Speak gibberish and get paid.

It just seems like gibberish. It is not possible for a simple human brain to devise a code that is not decipherable. Myths permeate all.

So, once art is understood it becomes language, and once becoming language it is therefor no longer art. Once comprehended, art is nothing but archeology, and the understandings about that artifact become history.  Poetic syntax therefor may be described as a linguistic modifier, an impossible radical that itself sprouts new language, like some venal virus loosened into the blood.

A spore.

"Take that bit of towel and wipe your hands."

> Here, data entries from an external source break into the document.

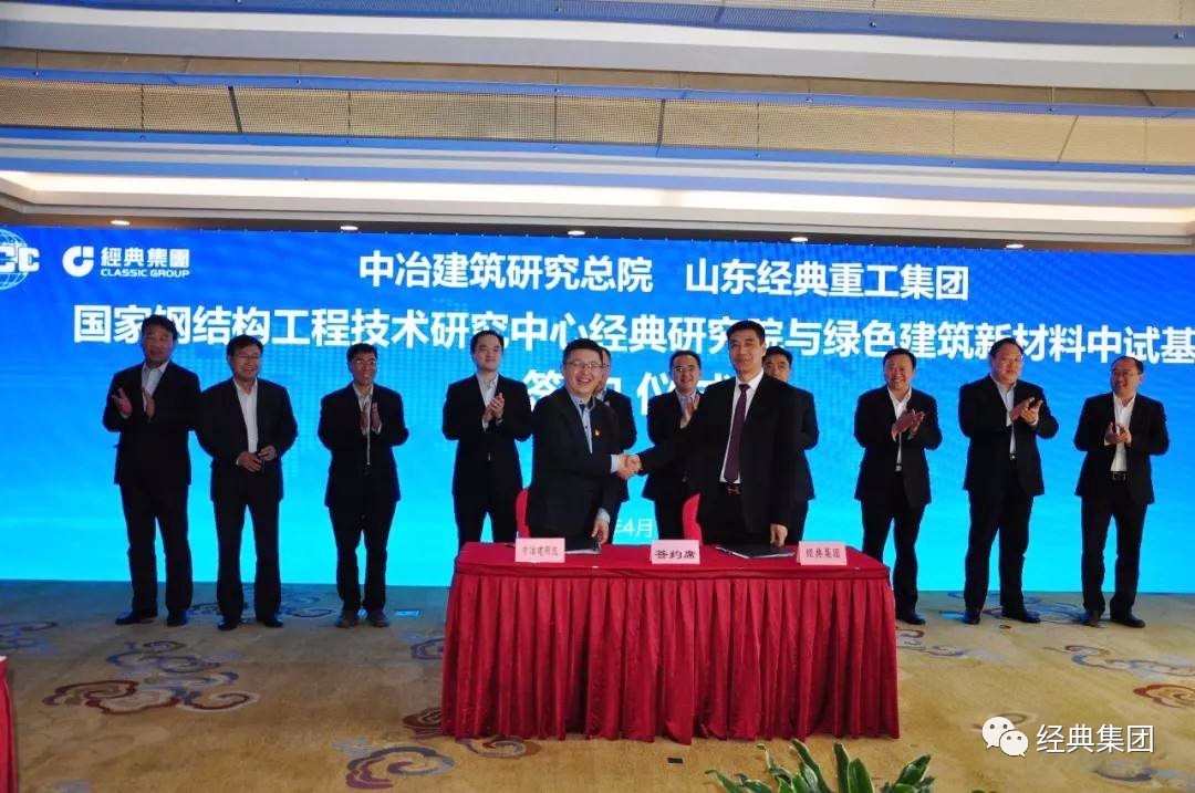 4月14日,山東經典重工集團股份有限公司與中冶建筑研究總院有限公司在北京簽署合作協議,成立山東中冶經典建筑科技有限公司,總投資15億元,在濟寧(兗州)建設國家鋼結構工程技術研究中心經典研究院與綠色建筑新材料中試基地,推進綠色建筑新材料體系產、學、研轉化,打造鋼結構生產制造、研發設計、建筑施工、產品檢測于一體的魯西南鋼結構產業發展中心。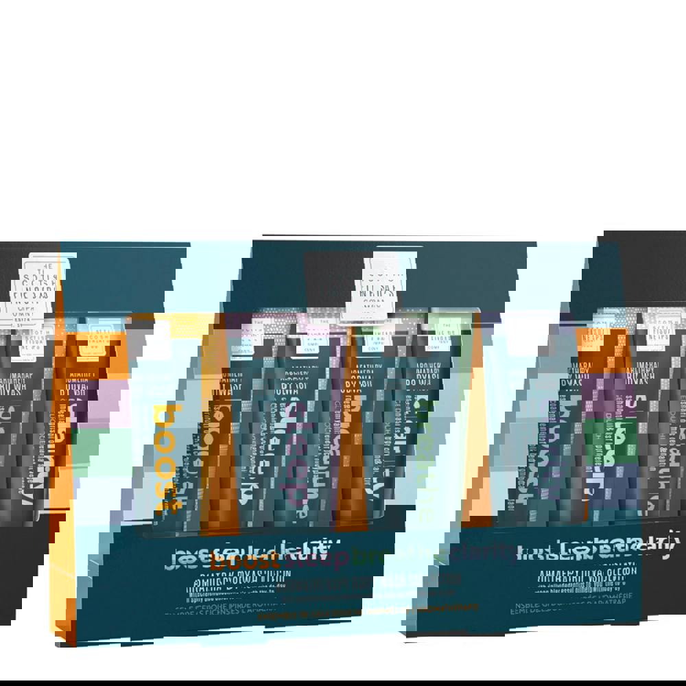 A travel set of bath & shower gels with essential oils infused to help support and improve wellbeing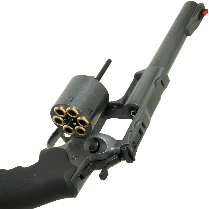 実銃のイメージを大切にしたライブカートリッジ式で、リボルバーらしい操作を楽しめます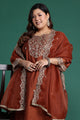 Dhiyona IE Plus Size Floral Embroidered Sequinned Liva Kurta with Trousers & With Dupatta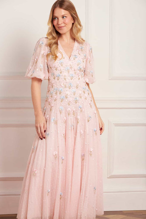 NEW SEASON. The Dandelion Ditsy Ankle Gown in Seashell. Decorated with delicately stitched dandelion motifs in soft pastel tones. Crafted from airy tulle that fades gently towards the hem, this gown captures a dreamy, ethereal feel perfect for special occasions.

Joe the old fairy, superintendent of our building thinks his dog can give me AIDS!

Blessed Joe. He was an artist - occasionally rescuing old vinyl records from the trash and painting on them, just like his sailor boys. A dribble of paint stops the record from playing.

Is love just a yearning for qualities that are needed to complete the Self?

"If you've got the guts to kill yourself you've got the guts to stay alive."
         Ernest Hemingway

Oh, the crap that gets quoted. Eons of eardrums, lulled to sleep by drivel.